A few other things she mentioned - when she showed the film to Bob Brown, he pointed out to her that Australia has a burning season too. We are still burning forest in Tasmania.
Palm oil is in heaps of products, labeled generically, as 'vegetable oil', or not labeled at all, and found in baked foods, biscuits, chips, lollies, peanut butter, ice cream, margarine, toothpaste, lipstick, soap, industrial lubricants,animal feeds.
That there are more details about the issues on the movies
website. That(and I hope I am quoting her correctly here):"Basically I was interested in following a young guy with an attitude like 'You put on a backpack, go out into the world and discover something.'"
I was reminded of another (dull) piece of Cinéma Vérité called
Startup.com that I saw in 2000- a couple of guys going around Silicon Valley to get venture capital for their B2G website, getting massive amounts of money (it was at the height of the tech bubble, and it was obvious that these people wanted to float the company so they could stag it, and use it as a vehicle for other machiavellian plans). There was another partner, that bobbed up for the first time in the middle of the movie, when the company had a value of about 12mil., demanding to be bought out. They couldn't grow the business fast enough, it started hemorrhaging money, things got nasty (as they typically do when money is being lost), one of them shafts the other, demoting from CEO to senior technical officer, then does his damndest to spread the sails while he ignores the fact that he is now captain of a sinking ship, going full speed to Davy Jones locker. There was folly and chicanery, with the story becoming incoherant and the characters ducking from the cameras as the question of how this business was supposed to make money loomed larger and became more intriguing.
There are ominious similarities between the enterprise in "Startup.com" and the one in "The Burning Season". There is the same lack of credible detail in their business model, with an insultingly simple power point presentation to take the place of germane details ( hopefully, in this case, they are known, and realistic but still being negotiated, and prudently kept confidential) There is the same stand-offish contempt combined with creepy, vampirish interest from the hard headed money men. The anxious parents, assuring us that their son has poured his life into this project (which he obviously and definitely had) are there too.
And that got me thinking...what happened to the guys that were involved in govWorks.com?
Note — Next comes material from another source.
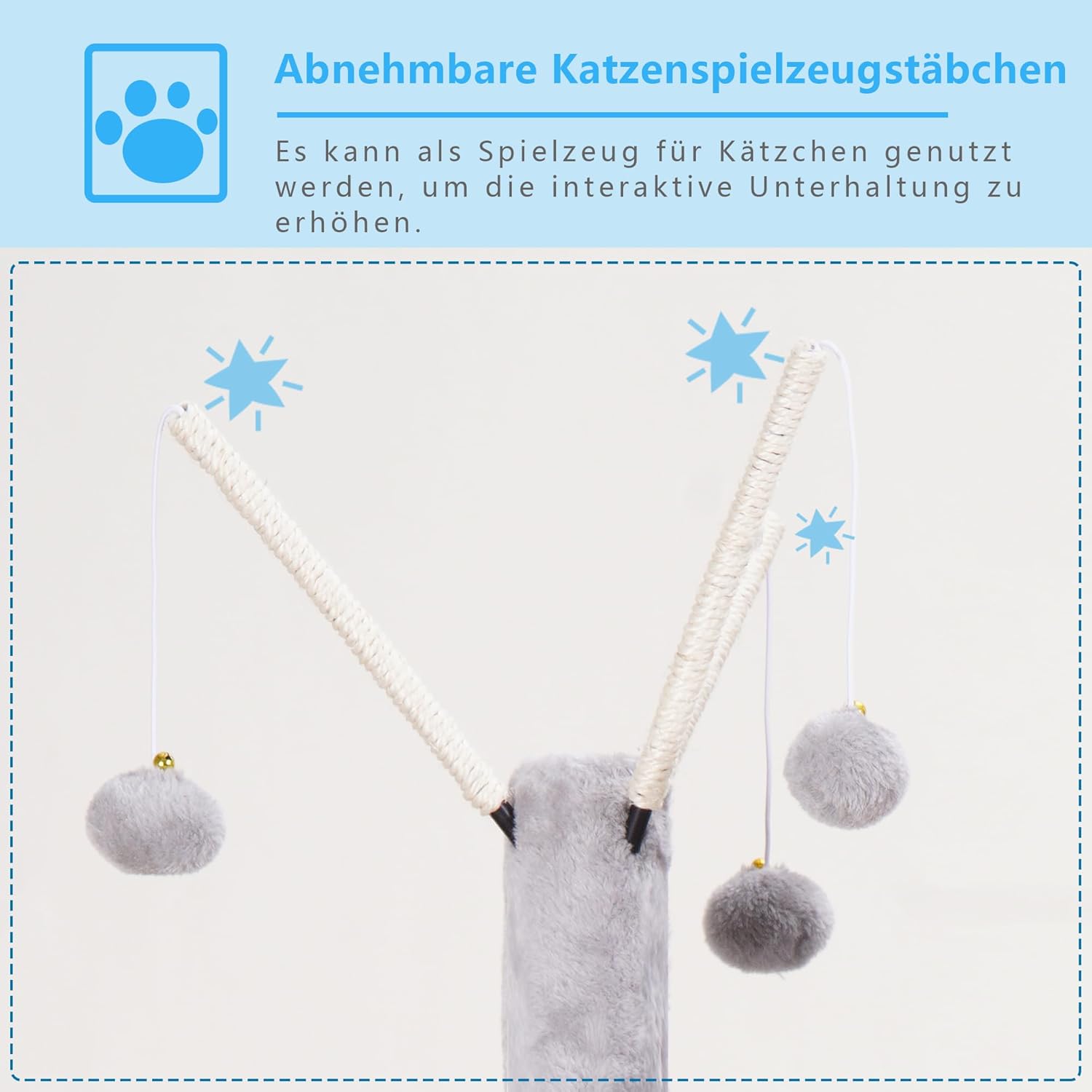 • Интересни интерактивни играчки: на това дърво за котки има подвижни играчки за риболов, пухкави топки и издръжлива сизалова дървесина, които могат да стимулират интереса на котките към играта и да задълбочат взаимодействието.

Where are they now? So I got to googling.
Tom Herman, the guy that was sacked from his own company, is going strong, with a couple of projects that really worked under his belt since govWorks went belly-up. He has ruefully pointed out that the concept did work - pointing to the website that is now doing what govWorks was set up to do, as proof. He even devoted a web page to his
lessons learnt.
Kaleill Saza Tyman, the remaining partner, started a business to help start-up web entrepreneurs make a go of it, (a need gap he identified as a direct result of the govWorks project). He is also doing just fine, although he has a different take on the experience.
Cheih Chung, the third partner, came out halfway through with about $4 million, so we know he did alright. All I could find out about him, was that he donated to Obama's presidential campaign.
All prospering now.
This has cheered me up and given me hope. Even though I didn't really like the "The Burning Season" as a film, even though there were a lot of areas left hazy, and maybe some cases of deliberately blowing smoke up our arses, there is still a chance that good might come of this.
And maybe there will be a sequel. Hopefully, it will be more interesting than this one.